Trade conflict ripples through emerging markets

13th July 2018
Resources Rising Stars

Emerging markets could become collateral damage in an escalating trade conflict where the U.S. is squaring off against China and Europe (report The Wall Street Journal).

The first tariffs levied by the U.S. and China went into effect Friday, but worries over the trade spat have already rippled through a broad range of emerging markets, hurting prices for stocks, bonds and currencies from Indonesia to Brazil.

Export-dependent Asian economies may be especially vulnerable, and major stock markets in the region have tumbled in recent weeks. A significant portion of U.S.-bound exports from countries like Malaysia, South Korea and Thailand pass through China, thanks to its central role in the global supply chain.
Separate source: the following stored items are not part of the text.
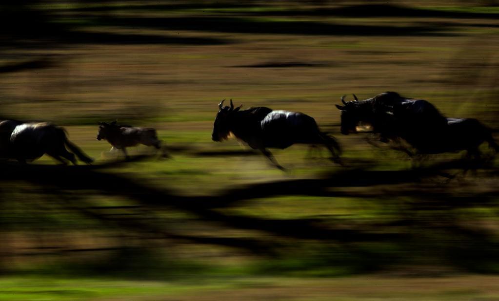 在馬賽馬拉國家保護區,遷徙中的角馬因為感受到某種危險而奮力奔跑。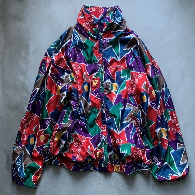 > 【S/M】SALE!! 80s EVR ジップアップ ポリエステルジャケット 総柄■ビンテージ オールド レトロ アメリカ古着 レディース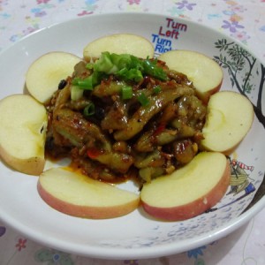 倒出多余的油,锅里剩下少数油炒汁。炒香之后倒入之前炸出过的茄子,继续翻炒2-3分钟起锅,撒上葱,苹果切片摆盘即可。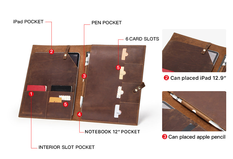 Unisex Leather Tablet Organizer for iPad, Premium Multi-Pocket Case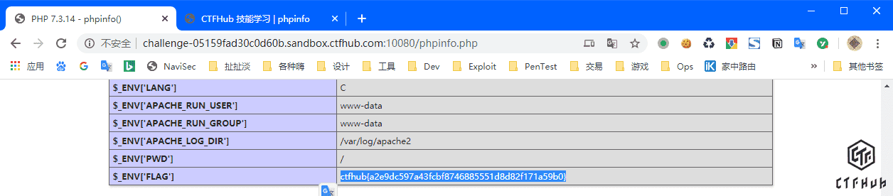 之后在 PHP Variables 分类下的 $_ENV["FLAG"] 找到flag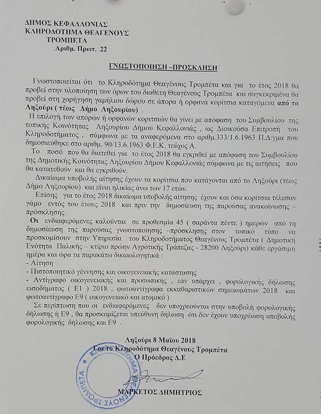Ανακοίνωση Κληροδότημα Θεαγένους Τρομπέτα

Investors also believe the trade conflict is slowing a revival in global growth, stoking worries over demand for raw materials and hurting the economies of commodity exporters. Weaker copper prices have weighed on exporters like Chile, dragging the country’s peso down 2.9% since June 1.

It’s not all bad news. The trade conflict may benefit some Asian companies and industries, especially if duties on U.S. products lift demands for local substitutes. For example, U.S. soybean tariffs could spur demand for palm oil products from Malaysia and Indonesia. Recent trade data showed China importing fewer U.S. soybeans and more from Brazil even before the tariffs took effect.